* **What you should do**
Could you copy exactly the lines from the start of the records through the one containing "Capuceiner schoteltje met", both included, and leave out the pictures?

* **Source information**
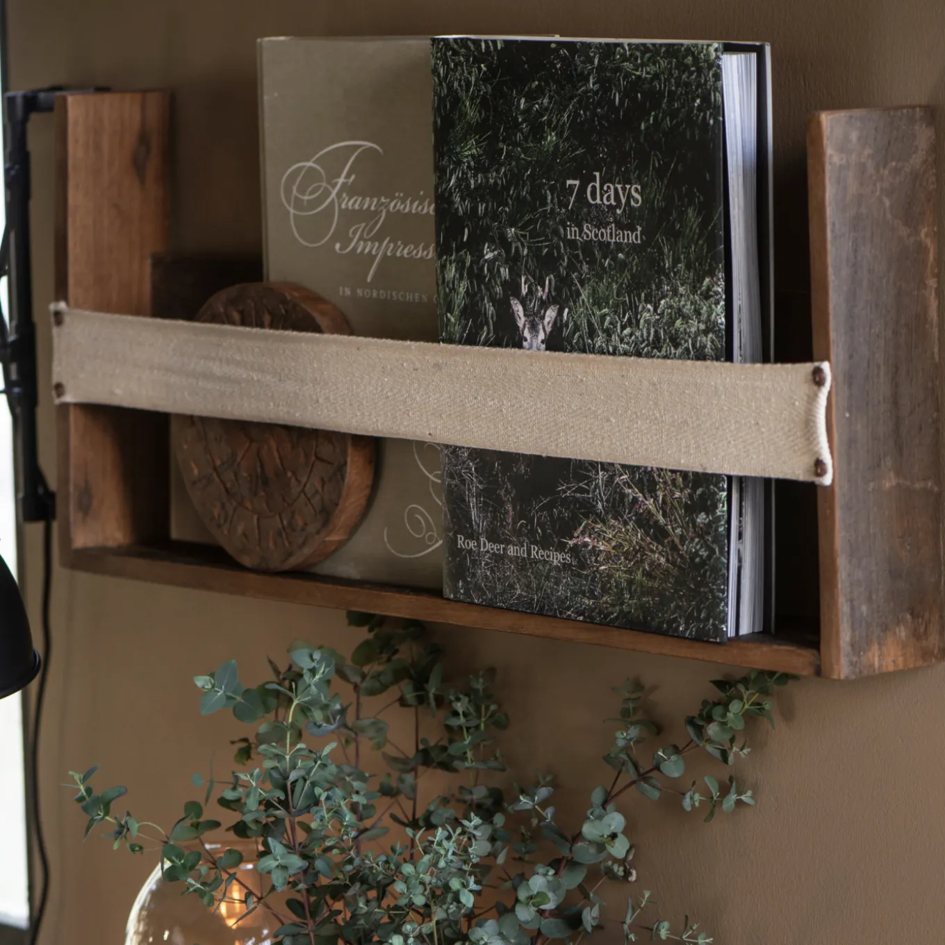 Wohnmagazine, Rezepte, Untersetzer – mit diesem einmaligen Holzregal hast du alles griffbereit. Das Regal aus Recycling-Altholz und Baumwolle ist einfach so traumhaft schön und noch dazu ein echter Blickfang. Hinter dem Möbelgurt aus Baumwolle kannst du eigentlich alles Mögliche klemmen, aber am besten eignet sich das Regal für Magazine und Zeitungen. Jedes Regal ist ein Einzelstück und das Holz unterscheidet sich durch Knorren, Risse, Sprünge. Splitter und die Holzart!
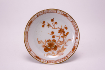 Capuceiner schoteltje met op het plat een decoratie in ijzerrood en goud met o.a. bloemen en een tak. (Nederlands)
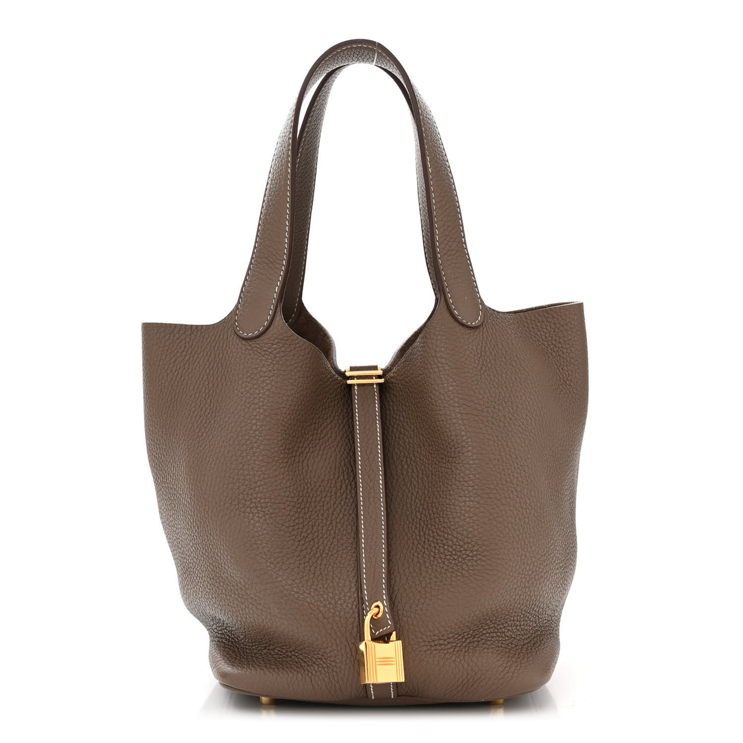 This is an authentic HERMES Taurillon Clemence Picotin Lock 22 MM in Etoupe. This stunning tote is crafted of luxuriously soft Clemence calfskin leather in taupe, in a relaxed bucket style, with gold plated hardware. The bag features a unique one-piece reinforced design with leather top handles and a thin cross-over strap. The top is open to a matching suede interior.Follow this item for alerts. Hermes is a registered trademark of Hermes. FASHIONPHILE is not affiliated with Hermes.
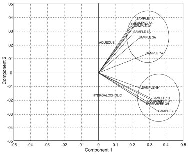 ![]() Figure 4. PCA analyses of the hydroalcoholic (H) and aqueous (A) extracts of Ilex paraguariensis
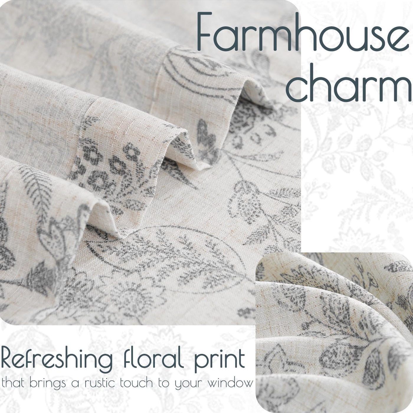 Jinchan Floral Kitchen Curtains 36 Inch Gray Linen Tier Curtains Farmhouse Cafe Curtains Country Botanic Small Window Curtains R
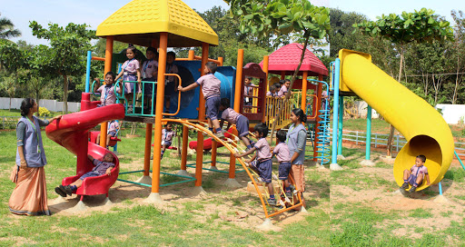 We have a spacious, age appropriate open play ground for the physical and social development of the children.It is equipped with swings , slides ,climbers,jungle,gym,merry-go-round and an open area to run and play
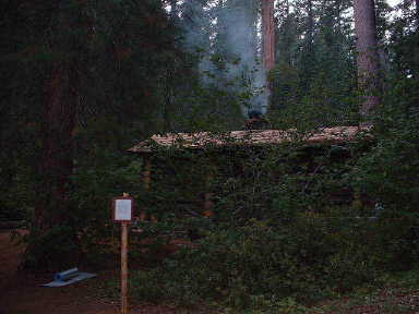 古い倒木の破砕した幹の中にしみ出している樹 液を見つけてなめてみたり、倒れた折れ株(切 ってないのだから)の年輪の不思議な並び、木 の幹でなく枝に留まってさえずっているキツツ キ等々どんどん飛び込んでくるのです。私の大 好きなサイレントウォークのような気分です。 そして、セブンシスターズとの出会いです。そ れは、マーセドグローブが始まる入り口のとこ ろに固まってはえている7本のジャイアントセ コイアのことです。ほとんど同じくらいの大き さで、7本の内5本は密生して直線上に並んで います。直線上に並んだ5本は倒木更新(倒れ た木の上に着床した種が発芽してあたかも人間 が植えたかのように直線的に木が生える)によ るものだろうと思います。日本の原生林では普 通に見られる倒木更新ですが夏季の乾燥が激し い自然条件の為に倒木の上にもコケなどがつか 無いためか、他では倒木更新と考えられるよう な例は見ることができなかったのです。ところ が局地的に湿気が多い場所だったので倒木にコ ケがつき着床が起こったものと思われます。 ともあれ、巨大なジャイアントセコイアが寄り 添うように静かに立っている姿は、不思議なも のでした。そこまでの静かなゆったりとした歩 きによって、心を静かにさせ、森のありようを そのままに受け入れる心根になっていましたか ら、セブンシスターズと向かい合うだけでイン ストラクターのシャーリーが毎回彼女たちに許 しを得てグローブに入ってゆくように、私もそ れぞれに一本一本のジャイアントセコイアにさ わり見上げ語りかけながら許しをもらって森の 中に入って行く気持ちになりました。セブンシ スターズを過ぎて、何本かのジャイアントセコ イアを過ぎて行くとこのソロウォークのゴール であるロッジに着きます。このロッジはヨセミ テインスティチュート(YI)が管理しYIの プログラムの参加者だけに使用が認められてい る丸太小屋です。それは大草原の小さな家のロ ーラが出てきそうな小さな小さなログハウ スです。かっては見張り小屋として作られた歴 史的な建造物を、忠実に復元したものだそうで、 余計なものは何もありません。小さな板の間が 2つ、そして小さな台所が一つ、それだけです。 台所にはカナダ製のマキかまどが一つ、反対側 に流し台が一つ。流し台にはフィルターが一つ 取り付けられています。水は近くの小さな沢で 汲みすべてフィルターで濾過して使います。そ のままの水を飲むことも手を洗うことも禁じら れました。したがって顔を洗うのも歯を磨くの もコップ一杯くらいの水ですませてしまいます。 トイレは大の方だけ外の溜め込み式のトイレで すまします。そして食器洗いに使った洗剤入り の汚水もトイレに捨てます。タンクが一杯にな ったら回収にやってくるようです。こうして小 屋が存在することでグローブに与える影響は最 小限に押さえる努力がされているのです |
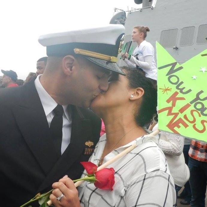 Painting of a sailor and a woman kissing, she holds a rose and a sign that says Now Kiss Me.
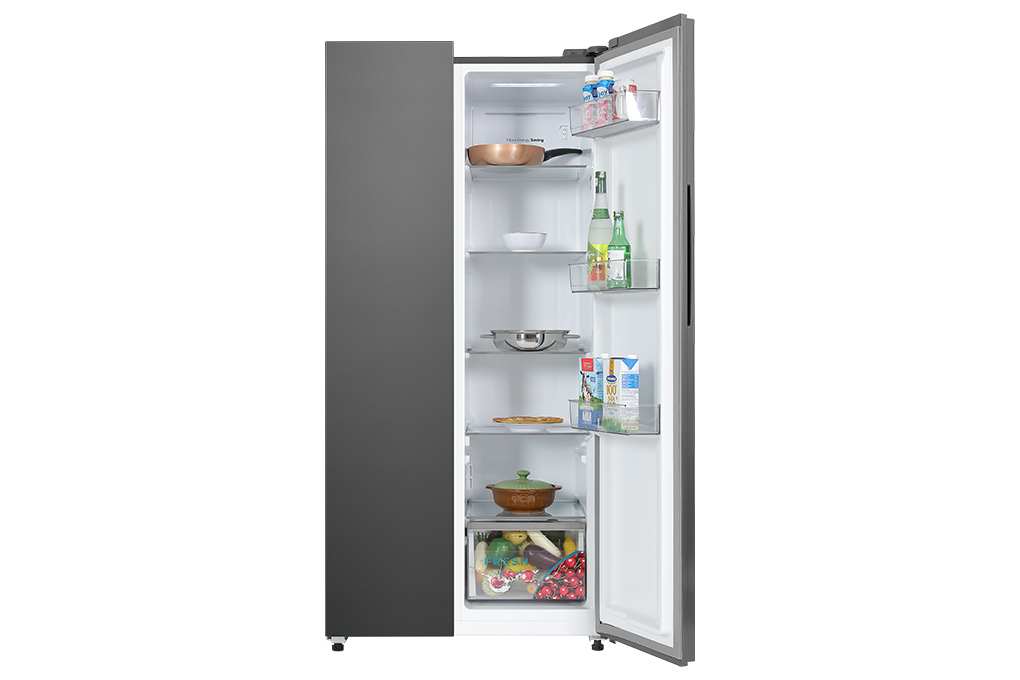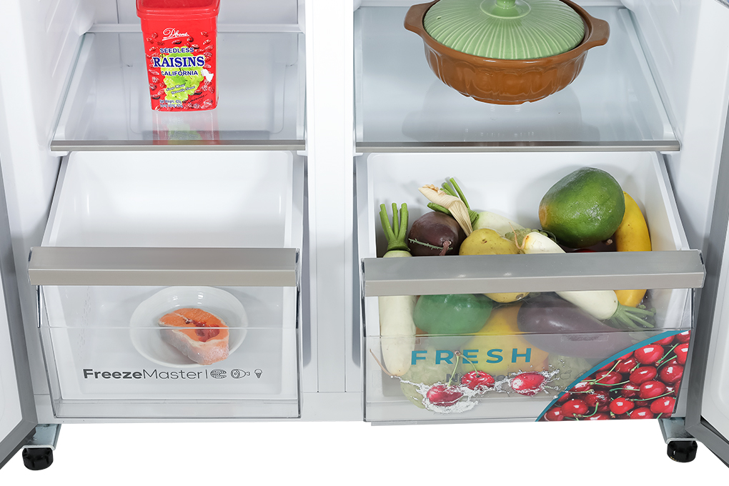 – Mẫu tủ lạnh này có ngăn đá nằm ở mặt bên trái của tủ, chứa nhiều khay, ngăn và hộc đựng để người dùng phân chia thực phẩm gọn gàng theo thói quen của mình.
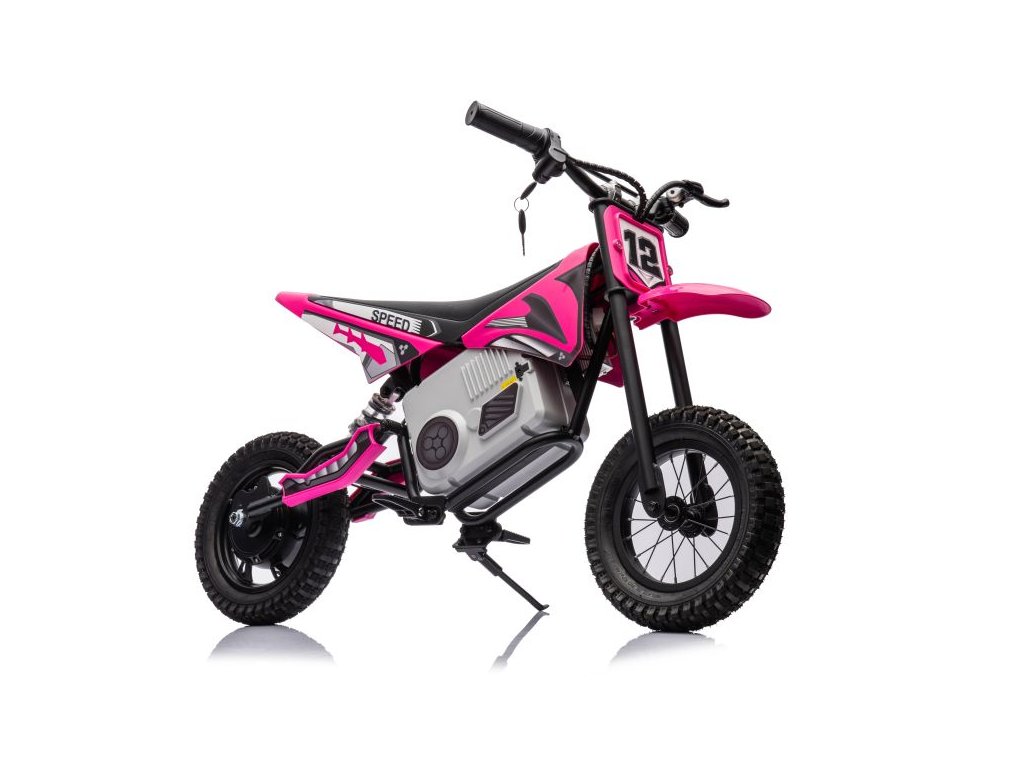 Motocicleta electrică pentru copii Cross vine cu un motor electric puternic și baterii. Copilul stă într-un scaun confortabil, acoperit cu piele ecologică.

* **Output below**
 Wohnmagazine, Rezepte, Untersetzer – mit diesem einmaligen Holzregal hast du alles griffbereit. Das Regal aus Recycling-Altholz und Baumwolle ist einfach so traumhaft schön und noch dazu ein echter Blickfang. Hinter dem Möbelgurt aus Baumwolle kannst du eigentlich alles Mögliche klemmen, aber am besten eignet sich das Regal für Magazine und Zeitungen. Jedes Regal ist ein Einzelstück und das Holz unterscheidet sich durch Knorren, Risse, Sprünge. Splitter und die Holzart!
 Capuceiner schoteltje met op het plat een decoratie in ijzerrood en goud met o.a. bloemen en een tak. (Nederlands)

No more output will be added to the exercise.